Disclaimer opinion issues by auditors to financial statements when they could not obtain sufficient and appropriate financial statements to draw the conclusion or support their opinion. There are many reasons why auditors could not obtain sufficient and appropriate supporting documents.
It can be because management does not have enough documents to support their accounting transactions or event. Managements do not have proper control to keep those supporting documents secured and subsequently lost.
There is the intention of the management of the entity not to provide the supporting documents due to a lack of trust in auditor independence.
Lack of communication and clarification is also one of the reasons that lead to misunderstanding and then subsequently leads to a lack of supporting documents.
For example, management does not trust auditors and they do not agree to provide the payroll list.
The auditor might also issue a disclaimer audit opinion if the major of transactions or events in the financial statements involve high judgment, and management could not justify those transactions or events sufficiently according to the accounting standard that they are using.
The following are the detailed explanation related to disclaimer audit opinions based on auditing standards along with an example that could help you get a better understanding of disclaimer opinion.
In terms of seriousness, disclaimer opinion is more serious than qualified and adverse opinion.
But, sometimes this opinion can be rectified.
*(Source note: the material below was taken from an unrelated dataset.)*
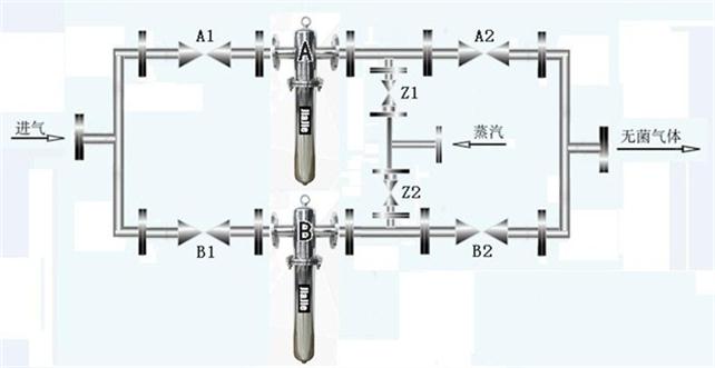 运行可以同时使用 A B 二台过滤器①.打开 A1 A2 B1 B2 阀门,②.关闭 Z1 Z2 阀门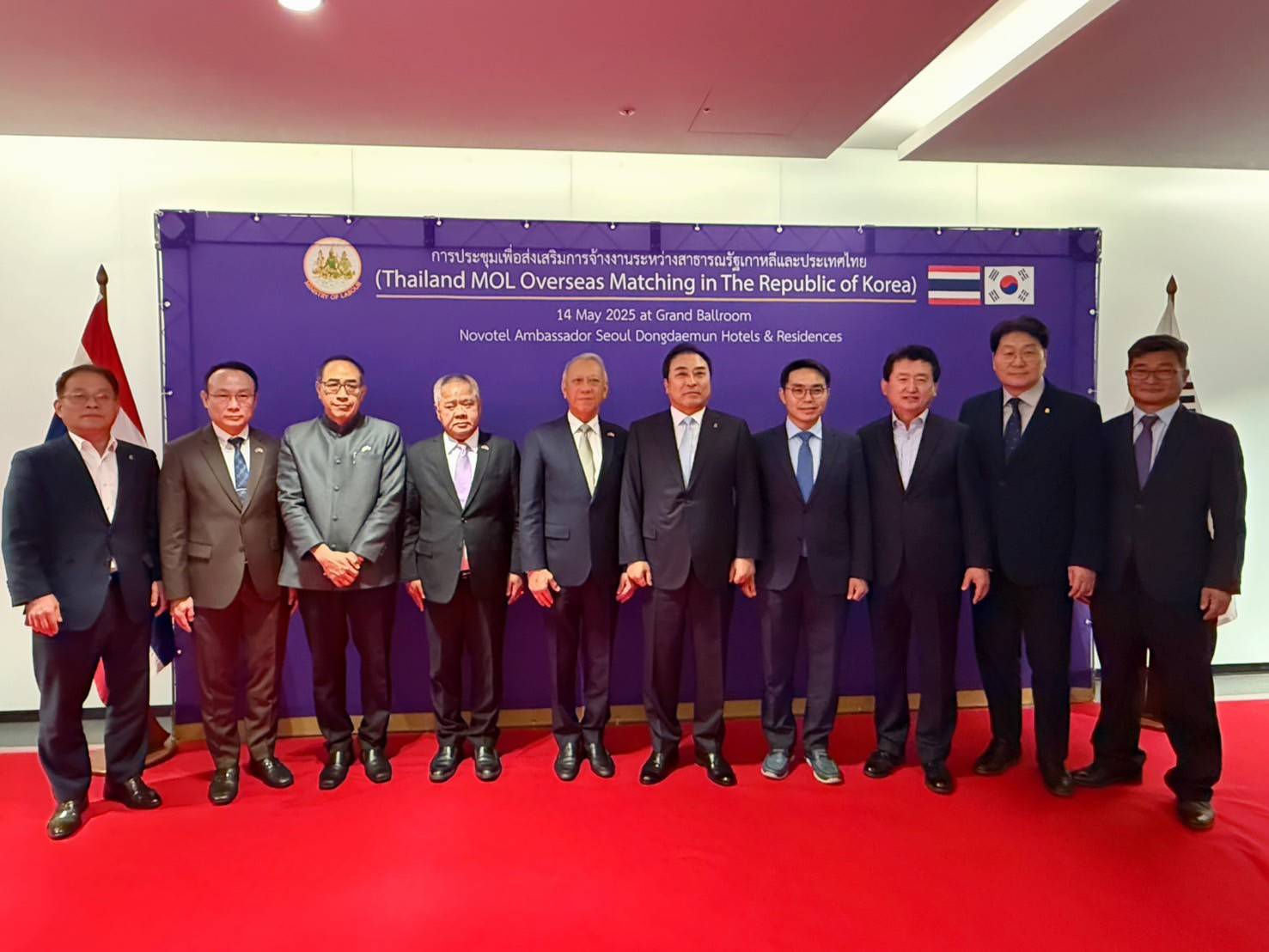 May 14, 2025 – Mr. Phiphat Ratchakitprakarn, Minister of Labour, Mr. Boonsong Thapchaiyut, Permanent Secretary of Labour, Mr. Somchai Morakotsriwan, Director-General of the Department of Employment, and other senior officials, visited the Republic of Korea to lead the “Thailand MOL Overseas Matching in the Republic of Korea” project in Seoul. The project aims to open new labour markets for Thai workers and promote legal overseas employment.

We mean that the opinion can be changed from a disclaimer to qualified or even unqualified.
We will explain in detail why it is serious than the other two opinions and why we can rectify this opinion to be better.
Look, it seem unprofessional to give these advice, but it is how some people did and get the better result.
Before we explain the seriousness of this opinion, and how to rectify it, let see the requirement from ISA 705 regarding disclaimer opinion first.
As per ISA 705, auditors shall disclaim their opinion or issue the disclaimer opinion on financial statements if they are unable to obtain sufficient and appropriate audit evidence to support their opinion.
Auditors could disclaim opinion only if they conclude that, for the items or accounts, they could not obtain audit evidence, are material to financial statements, and also pervasive.
If the items or accounts are immaterial or material, but not pervasive, the auditor should issue a qualified opinion.
The other case that auditors might also issue disclaimers opinion is when there are many uncertainties on certain material items or areas where auditors could not verify and assured that those items or accounts are correctly prepared.
Noted: This is the simple example related to the situation where the auditor should express disclaimers opinion and it is just to justify our explanation above. In real practice, the detail of ISA 700, and ISA 705 is highly recommended to follow.
Example ABC is the audit client of CA accounting firms. CA is engaged to audit ABC’s financial statements for the year ended 31 December 2016.
Here is the summary of ABC financial statements:
- Assets : USD 100,000,000
- Liabilities: USD 50,000,000
- Equity: USD 50,000,000
- Gross Profit : USD 60,000,000
- Profit before interest and tax: USD 30,000,000
Based on this financial highlight, the materiality of these financial statements, based on 5% of total assets is USD 5,000,000.
In balance sheet items, there is a large number of accounts receivable USD 10,000,000, and CA is intended to perform its review on this balance by confirming the balance to ABC’s customers.
Yet, ABC denied letting CA perform AR confirmation and does not allow CA to access related documents. The subsequent events review found that there is no payment from those customers yet.
Based on this situation, if auditors try to persuade the client to provide and allow them to assess that information but the client still rejects it, the audit should issue a disclaimer opinion.
But, auditors should also inform the client about the subsequent of not providing the evidence and information to auditors before releasing the reports.
Example of Disclaimer of Opinion:
There are two subsections in the disclaimer of opinion. The first section is basic of the disclaimer and the second section is the opinion section.
Basically, the basis for the disclaimer section required the auditor to describe the situation and what kind of evidence or document that auditors face and could not obtain.
The auditor should also quantify the number of items or accounts that the requested documents and explanations are not provided.
As provided in the example above, the auditors could not obtain the evidence related to inventories (quantity). In this case, they explain about nature, areas, and how those problems could affect the financial statement.
But, just because they could not obtain the documents, it does not mean that they are not correctly recorded or exist. That is why they disclaim their opinion to say whether it is right or wrong.